[Problem details] Using only the entries below, copy exactly the lines that begin at the one with "ball:12mm;Net weight: 3.81lbs" and end at the one with "escapeFunction의 역할은 ejs에서", both included. Drop the pictures.

[Supplied records]
■ ■ ■ ■

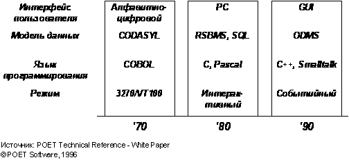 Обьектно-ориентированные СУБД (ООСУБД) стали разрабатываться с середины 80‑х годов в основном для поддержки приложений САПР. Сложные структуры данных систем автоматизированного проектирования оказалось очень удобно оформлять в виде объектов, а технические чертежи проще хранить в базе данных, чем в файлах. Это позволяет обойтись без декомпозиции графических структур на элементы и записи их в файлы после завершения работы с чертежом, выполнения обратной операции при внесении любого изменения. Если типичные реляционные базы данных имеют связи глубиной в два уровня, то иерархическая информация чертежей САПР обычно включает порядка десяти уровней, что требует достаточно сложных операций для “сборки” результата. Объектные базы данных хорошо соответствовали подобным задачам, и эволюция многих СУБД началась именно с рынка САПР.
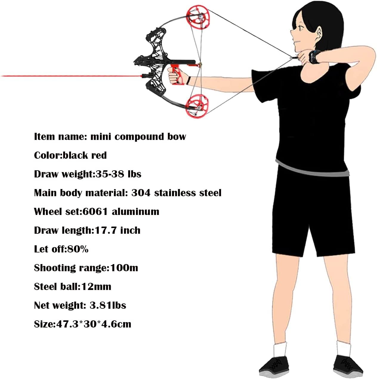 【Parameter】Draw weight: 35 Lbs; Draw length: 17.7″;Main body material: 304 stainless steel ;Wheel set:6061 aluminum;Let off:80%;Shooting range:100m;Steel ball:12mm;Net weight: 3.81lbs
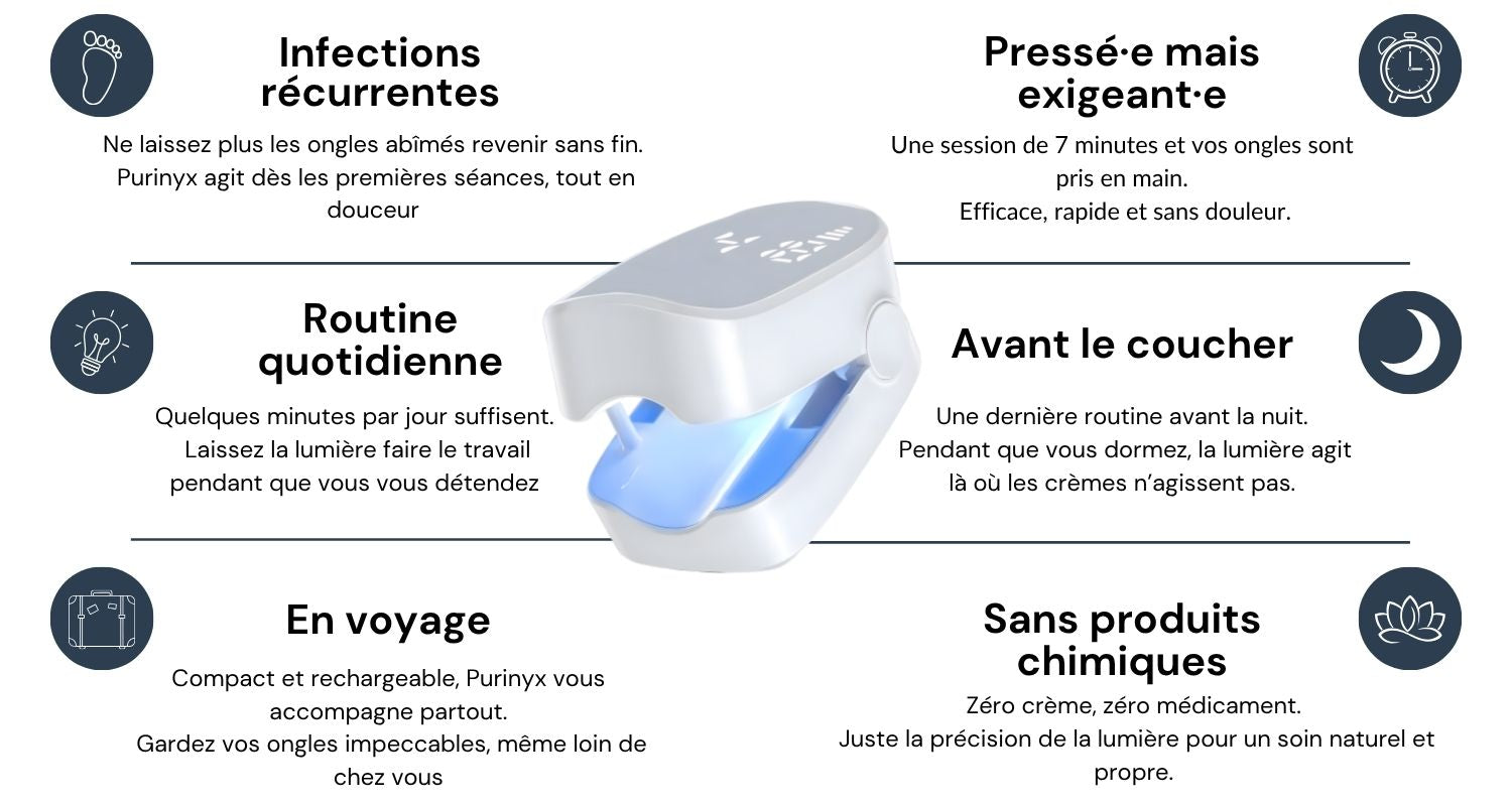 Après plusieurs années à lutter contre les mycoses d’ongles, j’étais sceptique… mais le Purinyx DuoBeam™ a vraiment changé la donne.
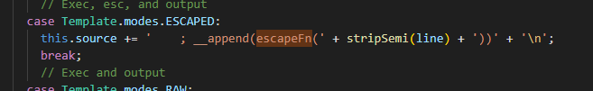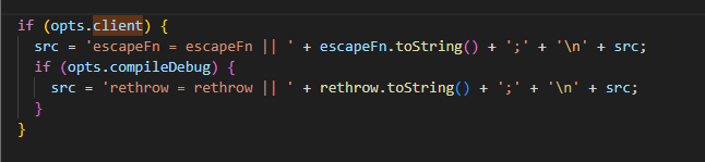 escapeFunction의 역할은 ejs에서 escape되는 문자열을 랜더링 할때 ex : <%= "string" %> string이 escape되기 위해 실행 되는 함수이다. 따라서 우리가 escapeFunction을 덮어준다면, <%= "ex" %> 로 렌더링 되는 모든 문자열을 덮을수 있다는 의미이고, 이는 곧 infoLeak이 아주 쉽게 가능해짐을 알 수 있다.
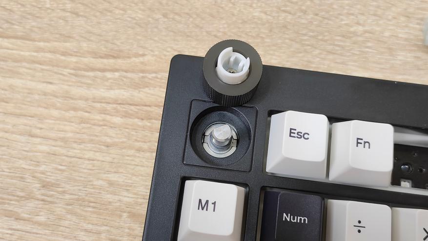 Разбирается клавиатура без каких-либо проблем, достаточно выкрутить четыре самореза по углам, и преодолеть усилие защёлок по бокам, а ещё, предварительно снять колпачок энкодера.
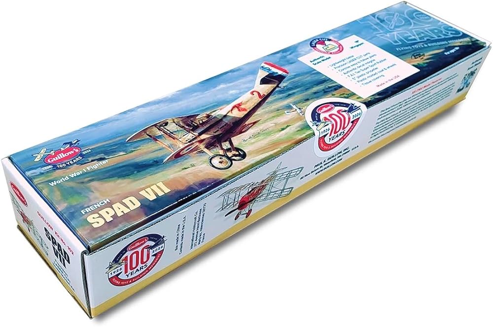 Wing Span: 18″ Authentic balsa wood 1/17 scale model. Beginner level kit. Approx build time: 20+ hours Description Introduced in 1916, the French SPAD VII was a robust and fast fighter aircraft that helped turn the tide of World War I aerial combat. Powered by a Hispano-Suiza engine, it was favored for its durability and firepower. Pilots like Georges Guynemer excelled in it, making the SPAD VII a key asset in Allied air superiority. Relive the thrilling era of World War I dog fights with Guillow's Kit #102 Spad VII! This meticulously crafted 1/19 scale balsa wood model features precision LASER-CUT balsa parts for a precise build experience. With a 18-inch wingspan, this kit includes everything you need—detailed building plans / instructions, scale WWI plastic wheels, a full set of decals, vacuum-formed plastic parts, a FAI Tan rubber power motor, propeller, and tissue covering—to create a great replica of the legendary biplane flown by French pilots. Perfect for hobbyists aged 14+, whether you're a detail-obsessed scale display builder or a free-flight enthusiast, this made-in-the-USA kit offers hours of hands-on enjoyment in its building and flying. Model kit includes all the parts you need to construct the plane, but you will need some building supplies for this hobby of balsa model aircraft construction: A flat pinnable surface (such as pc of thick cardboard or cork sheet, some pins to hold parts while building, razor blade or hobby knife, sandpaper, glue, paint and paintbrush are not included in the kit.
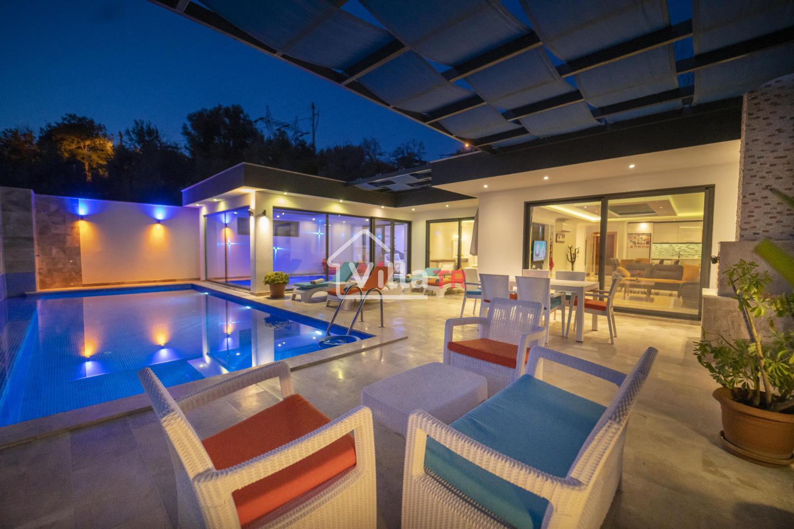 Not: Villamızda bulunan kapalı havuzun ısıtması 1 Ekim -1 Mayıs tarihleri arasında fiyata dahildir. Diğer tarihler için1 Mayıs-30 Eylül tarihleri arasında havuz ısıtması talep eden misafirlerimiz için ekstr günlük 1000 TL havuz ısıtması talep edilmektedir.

■ ■ ■ ■

[Answer space]
 【Parameter】Draw weight: 35 Lbs; Draw length: 17.7″;Main body material: 304 stainless steel ;Wheel set:6061 aluminum;Let off:80%;Shooting range:100m;Steel ball:12mm;Net weight: 3.81lbs
 Après plusieurs années à lutter contre les mycoses d’ongles, j’étais sceptique… mais le Purinyx DuoBeam™ a vraiment changé la donne.
 escapeFunction의 역할은 ejs에서 escape되는 문자열을 랜더링 할때 ex : <%= "string" %> string이 escape되기 위해 실행 되는 함수이다. 따라서 우리가 escapeFunction을 덮어준다면, <%= "ex" %> 로 렌더링 되는 모든 문자열을 덮을수 있다는 의미이고, 이는 곧 infoLeak이 아주 쉽게 가능해짐을 알 수 있다.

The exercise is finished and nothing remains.